The proper use of exceptions can make your programs easier to develop and maintain, freer from bugs, and simpler to use. When exceptions are misused, the opposite situation prevails: programs perform poorly, confuse users, and are harder to maintain. To protect against these problems, this series will provide valuable exception-handling techniques. In Part 1, I look at the challenges of using exceptions effectively, and offer guidelines on properly incorporating error handling into your classes at design time. You should think about exceptions and error recovery during the design phase, not after development is complete.

Read the whole series on exception handling:

Using exceptions correctly entails looking at error conditions from several perspectives -- from the perspectives of the class that throws the error, the classes that catch the exception, and the poor user who has to deal with the results. To write friendly programs, you must consider error conditions from all these points of view.

Consider this simple exception class and a method that throws it:

package com.me.mypackage;
public class ResourceLoadException extends Exception {
  public ResourceLoadException(String message) {
public class ResourceLoader {
  public getResource(String name) throws ResourceLoadException {

When the getResource() method throws a ResourceNotFoundException, it communicates three important pieces of information:

  • The kind of exception that occurred (in this case, a ResourceNotFoundException)
  • The location where the exception occurred, in the form of a stack trace contained within the exception
  • Additional information about the exception, in the form of the message string

Each piece of information will prove important to different recipients. The exception type is important primarily to the classes that called getResource() so the caller can catch certain exceptions and ignore others. The stack trace is significant only to the developer or support technician who may have to isolate or debug the problem. Finally, the message string is most meaningful to the user who must interpret the error message or error log.
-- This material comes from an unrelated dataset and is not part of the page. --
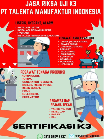 Beberapa kategori objek K3 yang wajib menjalani pemeriksaan berkala

When you throw an exception, you should ensure that all recipients receive the information they need to proceed effectively. That means you should throw an exception of the right exception class so that callers can take the appropriate corrective action, and you should generate useful diagnostic messages for users so that they can understand what happened if the program doesn't handle the exception.

Write sensible throws clauses

The set of exception types thrown by a method is an important element of a class's design. When writing a throws clause, you should consider the exception types thrown by a method from the perspective of the method's callers rather than the class's own perspective. What types of exceptions will callers be able to handle sensibly, and what types will they likely just pass on to their caller or to the user?
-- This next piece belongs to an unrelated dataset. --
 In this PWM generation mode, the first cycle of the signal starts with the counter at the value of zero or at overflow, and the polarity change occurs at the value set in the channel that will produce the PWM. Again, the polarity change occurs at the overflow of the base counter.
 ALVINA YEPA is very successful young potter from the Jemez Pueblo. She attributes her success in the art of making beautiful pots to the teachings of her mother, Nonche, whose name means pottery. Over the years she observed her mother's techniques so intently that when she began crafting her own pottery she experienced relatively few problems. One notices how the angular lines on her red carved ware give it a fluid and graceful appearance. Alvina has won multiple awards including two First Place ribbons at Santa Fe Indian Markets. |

It's unwise to simply declare a method as throwing all the exceptions that might be thrown by methods it calls. Not only is this an abdication of design responsibility, but it exposes a method's implementation as part of its interface, limiting your ability to modify the implementation in the future. For example, suppose the getResource method can load a resource from a database, from a file, or from a remote server -- exactly where depends on the resource name and how the ResourceLoader object was initialized. If you just let exceptions thrown by called methods propagate out to your callers, getResource() could throw IOException, SQLException, and RemoteException, among others. But will all these different exception types prove useful to the code that calls getResource()? If a method calls getResource() because it needs to load a resource, that method is unlikely to be able to take corrective actions that distinguish between an SQLException and an IOException. From the perspective of the calling method, both exceptions simply mean that the resource couldn't load. Therefore, it probably makes more sense to just throw a single ResourceLoadException exception type.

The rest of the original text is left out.